3. If it’s correct, show a check mark. If it’s not, say “not equivalent.”
4. (Optional, because it’s tricky!) Cleverly choose a test value that satisfies the student’s inequality but not the given inequality. Show that value on the numberline as a point, and also substitute it into the given expression, then draw a slash through the `>` as a way of calling out “this value isn’t a solution!”

(2) Okay I think I see some things. In “Setup”, there’s `c_enter` and `s_tep` that control the middle value and the step between that value and the next number that gets plotted.
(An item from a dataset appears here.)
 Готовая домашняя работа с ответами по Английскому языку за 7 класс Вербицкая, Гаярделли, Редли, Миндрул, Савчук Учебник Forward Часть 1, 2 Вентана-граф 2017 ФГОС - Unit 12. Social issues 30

In “Tweakables”, there’s a `w_idthScale` parameter that will let you shrink the gaps between tick marks and get more values on the screen. I’m not seeing anything built-in for minor tickmarks, so you’d need to draw those yourself. The major tickmarks are drawn on line 35; if you duplicate that expression, you can multiply the x-coordinate by 0.5 to crunch them closer together and the y-coordinate by 0.7 or something to shrink it a bit.

(2, alternate) I’m definitely biased because I put this version together, but if you don’t mind starting over with a new graph, I recommend this one. Some details:

• `V_numberlineLabels` (in line 3) picks out which labels you want visible. If you want to include a different range of the number line, modify `v_numberlineMin` and `v_numberlineMax` right below it.
• Minor tickmarks can be modified through lines 39 and 40 — `V_numberlineMinorTicks`.
• Set your expected answer with lines 17–20: what is the boundary value? Should the student shade to the left, or right? Should they have a strict inequality?
• In the CL, you can use `correct: this.number("i_{sCorrect}") = 1`

There’s no animation in that graph, but if you copy-paste this link below the other folders, I put together a real quick implementation of my sequence from (1)!
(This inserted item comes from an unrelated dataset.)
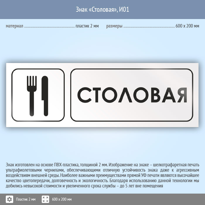 Знак «Столовая», И01 (пластик, 600х200 мм) в Краснодаре купить

I definitely do not mind starting over! I think I am WAY over my head though. My previous experience has just been copying and pasting, so I am trying to learn!

I don’t understand what I am changing for “correctness”. I am also looking to give students feedback in addition to it showing on the dashboard.

Any and all help is greatly appreciated. THANK YOU!

Ahh yes I should have called that out — for correctness on different problems, you’d be changing a few things inside “Inequality Setup and Correctness Calculations”:

• Line 17, `v_boundaryCorrect` is what you’d change for a different solution point. When students drag the movable point to create their graph, they are modifying `v_boundaryStudent`; in line 22 we ask if the student’s value for the boundary is “close enough” to the correct value in the first set of curly braces.
• Line 18, `s_houldShadeLeft` is what you’d set to `1` if the correct answer shades to the left of the boundary point, or to `0` if the correct answer shades to the right.
• When students click on the numberline to pick a direction to shade, `i_shadeLeft` and `i_shadeRight` are updated to be either `0` or `1`. You can find those actions in lines 49 and 50.
• Line 20, `s_houldBeStrict`, is what you’d set equal to `1` if the inequality is strict (i.e., does not include the boundary point) or `0` otherwise. When students click their boundary point to toggle between a filled circle and open circle, they are updating `i_sStrict`; and we compare `i_sStrict` to `s_houldBeStrict` in the second set of curly braces for `i_sBoundaryCorrect` in line 22.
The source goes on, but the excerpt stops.